Saturday, November 14, 2009
Sadie, our six year old, lost her front tooth today. She was so excited and proud. I celebrated the joyous occasion with her and gave her a big hug. She happily ran off to show Daddy and I went in the bathroom and cried quietly for just a moment without anyone knowing.
It sounds silly and I know it. Why did I cry over something like my six year old losing a tooth? I cried, quite simply, because she's changing. She's constantly changing, but something like the loss of a tooth, especially a front tooth represents that she is no longer my baby. She's no longer any one's baby, she's a big girl now and she's starting to look like one.
It reminds me of her first day of kindergarten, which was a little over a year ago. We were prepared for her first day of school, after all, she new her letter sounds and could count to fifty. Everything was going to be just fine. And, it was. We took her to school, she was wearing a dress that we picked out for the occasion (yes, it was a Lilly), she had her new tote bag with her name on it and her lunch was packed with her favorites.
That morning, I stood there on the unfamiliar playground and watched her as she played with little children that I'd never met. She was laughing...my heart was pounding. The bell rang and the teacher came to gather the children. It was time for her to stay, more importantly, it was time for me to go. There were no tears, she didn't cry and I refused to. A quick hug goodbye and she ran off.

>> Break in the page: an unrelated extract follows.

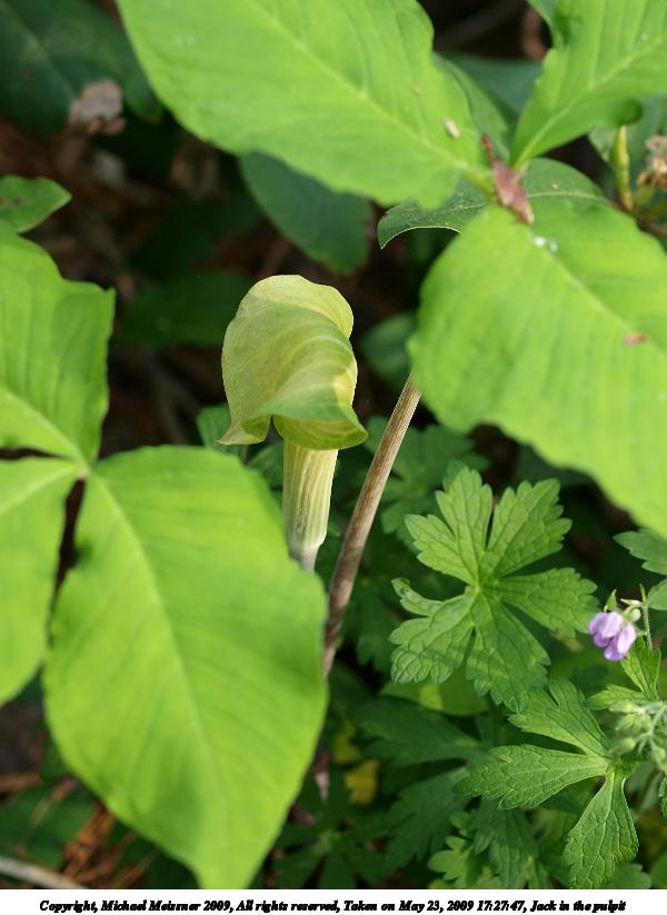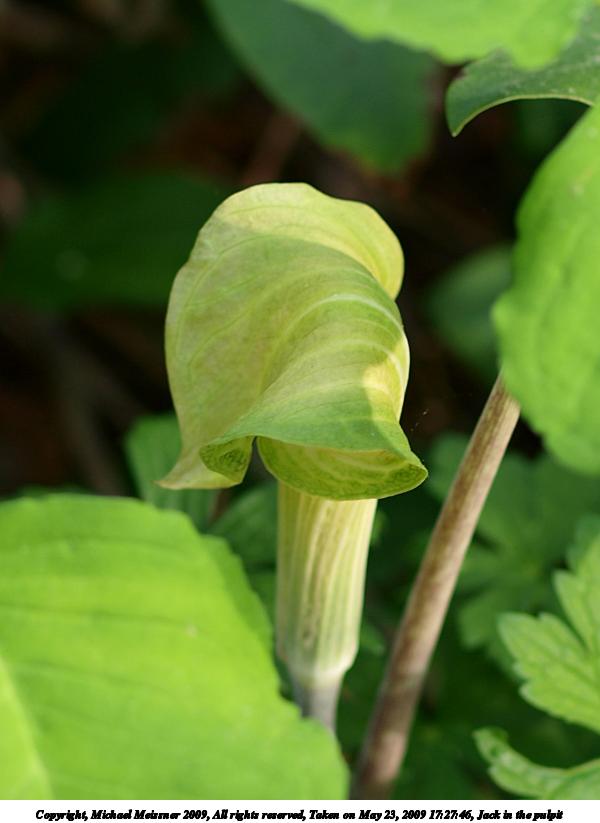 Picture #35: Jack in the pulpit #2 Thumb: 300x400, 50,559 bytes (50K) Small: 600x823, 82,427 bytes (81K), (html file) Copyright, Michael Meissner 2009, All rights reserved Olympus E-3 camera with Olympus 50mm f/2.0 lens f/2.0, ISO 100, 1/125 sec, 50.0mm, auto mode, natural color, matrix metering, IS1 (All Direction Shake IS) 35mm equivalent focal length 100.0mm Programs used: gimp, rotate Taken by Michael Meissner on May 23, 2009 17:27:47 Last modified on August 01, 2009 at 23:04 |

I left the playground and walked to my car, which was maybe 30 yards away at best. But it might as well have been miles because at that moment my heart embarked on an endless journey. I knew that I had just walked away from a little girl who wouldn't be there that afternoon when I came back. She was going to be different. She would have new friends and new teachers, when in the past, I played the role of both. This was how it was supposed to be. Everything was going as planned.
As I drove home, it became so clear to me, that the challenge in learning how to be a good mother doesn't lie in learning how to take care of a child (most of us are born with that ability), the true difficulty in learning how to be a good mother, is developing the skill needed to recognize when the time has come to allow her experience the world without me. I will always be there for her, but if I'm doing it right, she will need me less and less. Every milestone that we celebrate is bitter-sweet because each step she makes is really a step away. Sometimes I just want to grab her and keep her, that's all, just keep her.
I came back that afternoon and picked her up. On the way home she told me all about school, only stopping occasionally to take a breath. She told me about her new friends. She told me about her new teachers. She said that her favorite was Miss T and that she'd been to Africa. Miss T. was going to teach the children all about Africa. She was thrilled. I was thrilled for her. I told her how wonderful it all sounded and that I was so happy that she liked her new school, and I sincerely was. I still am.
Tonight she'll put the tooth under her pillow and the tooth fairy will come. She'll leave something for Sadie and then she'll put the tooth in my jewelry box (we have an agreement). I'm guessing Sadie will get $5 for her tooth, after all, it is a front tooth. She'll spend it on a toy or perhaps a new gold fish and the money will be gone. I, on the other hand, will save her tooth forever, even though I know she no longer needs it.